Interning at a Think Tank: Rare Opportunity I Took Advantage OF

This is part of a series of posts by recipients of the 2021 Career Services Summer Funding Grant. We’ve asked funding recipients to reflect on their summer experiences and talk about the industries in which they spent their summer. You can read the entire series here.

This entry is by Frankie Li, COL ’24

This Summer, I was given the exciting opportunity to intern at the United States Studies Centre–a leading think tank based at the University of Sydney.

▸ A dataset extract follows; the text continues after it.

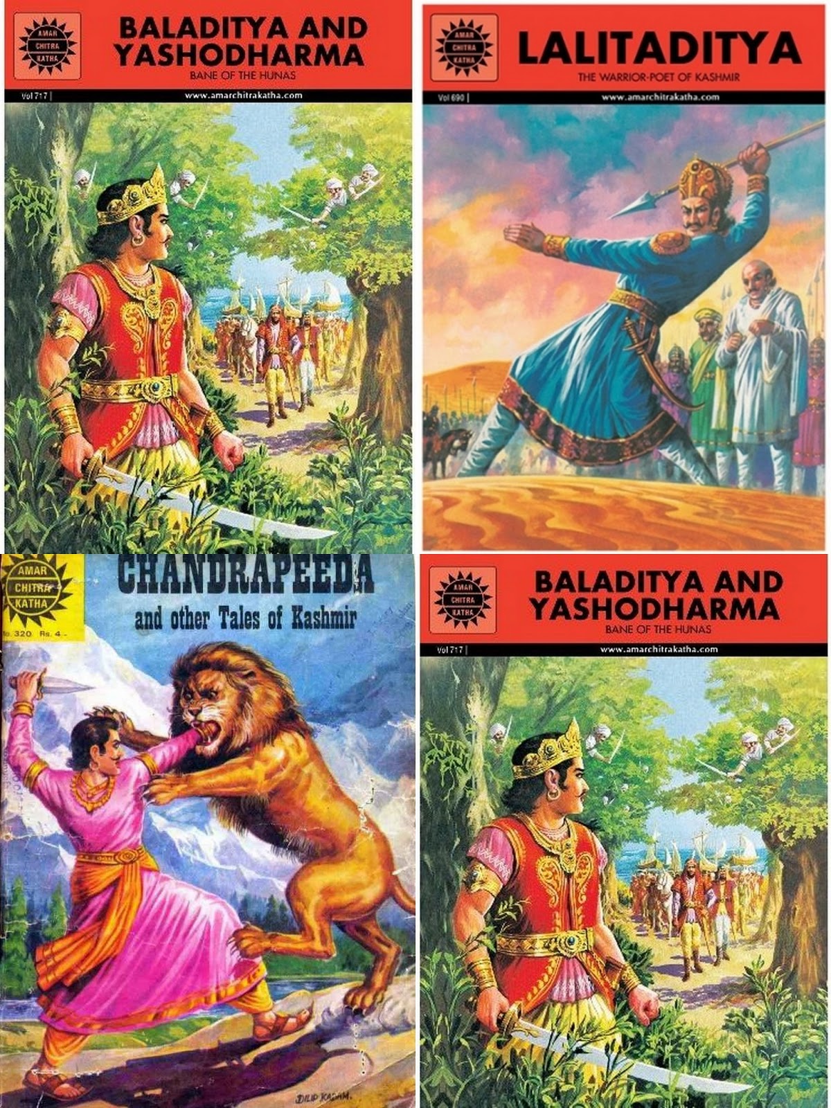If it’s Amar Chitra Katha, it has to be history. Amar Chitra Katha has a bunch of issues based on stories from Kalhana’s Rajatarangini. Here the action is based in Kashmir (and please note Dharmendra or Amitabh was not the first hero to battle a wild cat, Jaydpeeda of Kashmir was). Some issues carry stories from Somadeva’s Katha Sarit Sagara (in which we have more of Ujjain), and there are are some ancient ‘travelogue’ issues in which we see a panel of Kashmir (like in case of comic on Hiuen Tsang). That’s about it.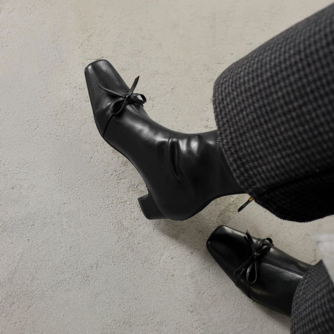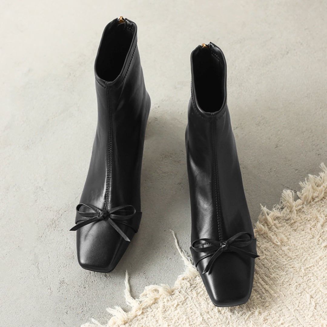 トレンドのスクエアトゥに、華奢なリボンがアクセントを添える上品ショートブーツ。

I, like many other undergraduates during COVID, needed paid work to finance my expenses during college outside my tuition. Because of the generous funding from Career Services Summer Funding Grant, I was able to focus completely on my internship experience and explore my interests in policy research.

At the United States Studies Centre, I covered a wide breadth of policy topics and specifically those that catered to the US. I examined vaccine diplomacy between the US and China, Australia’s dependency on the US for national security, and the implications of the new Biden Administration on global environmental initiatives. By taking a look at these domains, I developed knowledge and research tools or databases to the different types of domain. For example, I learned about the decreasing exports in the natural resources industry through Australia’s Bureau of Statistics–a resource and tool I was not familiar with but became familiar with. Both rigorous and extensive, I learned a significant amount of skills and knowledge in my time at a think tank.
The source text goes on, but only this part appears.